06/04/2025
By Sameed Khan

The Department of Marketing, Entrepreneurship and Innovation invites you to attend a doctoral dissertation defense by Sameed B. Khan on "Language Assertiveness and Its Relationship with Financial Constraints in Consumption Contexts."

Date: June 19, 2025
Time: 10:30 a.m. to noon
Location: Via Zoom - Meeting ID: 925 4549 7811 Passcode: 306241
Dissertation Title: Two Essays on Language Assertiveness and Its Relationship With Financial Constraints in Consumption Contexts

Committee Members

  • Ann Kronrod (Chair), Ph.D., MEI Department, Manning School of Business at the University of Massachusetts Lowell
  • M. Berk Talay, Ph.D., MEI Department, Manning School of Business at the University of Massachusetts Lowell
  • Andrea W. Luangrath, Ph.D., Marketing Department, Tippie College of Business at the University of Iowa

Abstract:
Language assertiveness intensifies whatever is being said (Grinstein and Kronrod 2016) and indicates the refusability of a request/command (Brown and Levinson 1987). The construct can help explain consumers’ compliance with requests (Fitzsimons and Lehmann 2004), brand perceptions (Zemack-Rugar, Moore, and Fitzsimons 2017), and purchase intentions (Kronrod, Grinstein, and Wathieu 2012). Research has also shown that directives – one aspect of assertive language – can signal greater reviewer expertise, thereby increasing the reviewer’s influence (Packard and Berger, 2017).

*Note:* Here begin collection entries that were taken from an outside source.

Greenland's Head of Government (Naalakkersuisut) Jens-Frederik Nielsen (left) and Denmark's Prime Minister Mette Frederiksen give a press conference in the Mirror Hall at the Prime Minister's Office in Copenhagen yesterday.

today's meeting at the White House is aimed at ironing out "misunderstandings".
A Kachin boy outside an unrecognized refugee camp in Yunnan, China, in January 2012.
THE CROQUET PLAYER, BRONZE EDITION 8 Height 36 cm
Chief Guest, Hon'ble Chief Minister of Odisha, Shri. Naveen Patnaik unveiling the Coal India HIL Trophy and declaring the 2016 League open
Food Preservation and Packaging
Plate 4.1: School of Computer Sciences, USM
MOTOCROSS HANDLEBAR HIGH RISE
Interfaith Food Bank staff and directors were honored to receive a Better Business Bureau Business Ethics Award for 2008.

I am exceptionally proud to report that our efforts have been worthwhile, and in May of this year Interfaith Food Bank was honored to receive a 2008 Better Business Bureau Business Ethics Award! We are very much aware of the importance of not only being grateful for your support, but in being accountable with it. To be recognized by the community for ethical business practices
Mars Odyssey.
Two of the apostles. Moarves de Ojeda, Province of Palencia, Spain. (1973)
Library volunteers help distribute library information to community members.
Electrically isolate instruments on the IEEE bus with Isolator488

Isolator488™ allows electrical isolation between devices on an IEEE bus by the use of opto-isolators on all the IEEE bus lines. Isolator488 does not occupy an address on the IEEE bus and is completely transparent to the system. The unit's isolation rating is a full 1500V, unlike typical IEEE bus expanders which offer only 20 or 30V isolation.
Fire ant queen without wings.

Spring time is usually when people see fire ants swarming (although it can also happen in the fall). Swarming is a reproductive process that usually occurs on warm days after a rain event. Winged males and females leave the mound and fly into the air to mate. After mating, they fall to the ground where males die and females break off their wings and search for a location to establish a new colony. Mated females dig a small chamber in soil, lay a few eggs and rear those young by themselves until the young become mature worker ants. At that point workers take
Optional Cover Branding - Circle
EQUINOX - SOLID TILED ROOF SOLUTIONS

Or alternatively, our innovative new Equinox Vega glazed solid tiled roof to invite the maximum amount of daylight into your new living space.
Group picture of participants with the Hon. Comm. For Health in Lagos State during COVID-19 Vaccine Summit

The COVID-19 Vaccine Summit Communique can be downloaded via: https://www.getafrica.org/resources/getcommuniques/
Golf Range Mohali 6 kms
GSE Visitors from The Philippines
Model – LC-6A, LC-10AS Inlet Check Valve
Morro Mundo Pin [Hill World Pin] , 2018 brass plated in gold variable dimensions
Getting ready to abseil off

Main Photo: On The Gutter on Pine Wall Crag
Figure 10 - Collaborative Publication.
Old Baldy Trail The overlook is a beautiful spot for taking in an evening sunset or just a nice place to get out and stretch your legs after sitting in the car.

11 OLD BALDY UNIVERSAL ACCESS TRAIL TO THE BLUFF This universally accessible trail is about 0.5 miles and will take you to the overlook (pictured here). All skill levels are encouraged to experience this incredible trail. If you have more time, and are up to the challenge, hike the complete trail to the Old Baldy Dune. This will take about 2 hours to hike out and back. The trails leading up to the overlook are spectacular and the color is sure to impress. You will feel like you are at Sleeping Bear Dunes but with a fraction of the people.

Given the effects of assertive language on consumers’ psychological states and behaviors, and considering that other consumers greatly influence them through word of mouth, it is crucial to understand what might make word-of-mouth transmitters use more or less assertive language and how that might impact readers. The answers to these questions can help us better understand language generation and consumption, as well as their downstream impacts. This investigation can also expand the language assertiveness literature beyond the current focus on companies’ marketing communications.

The first essay focuses on the development, validation, and application of a text-analysis tool named Text-Assertiveness Detector (TAD) that researchers can use to measure language assertiveness in a standardized and scalable manner. The tool incorporates an exhaustive list of linguistic dimensions defining assertiveness, thereby providing a more holistic definition and operationalization of language assertiveness. The essay also applies the tool in various contexts, such as company communication, consumer complaints, and consumer-AI interactions. The second essay focuses on contexts often brought about by financial constraints: perceived lack of control and a desire to regain that control. Using multiple methods, the essay examines how high or low language assertiveness can result from perceptions of losing control over one’s life and a desire to regain it, caused by perceived financial constraints.

All interested students, faculty members, and members of the public are invited to attend.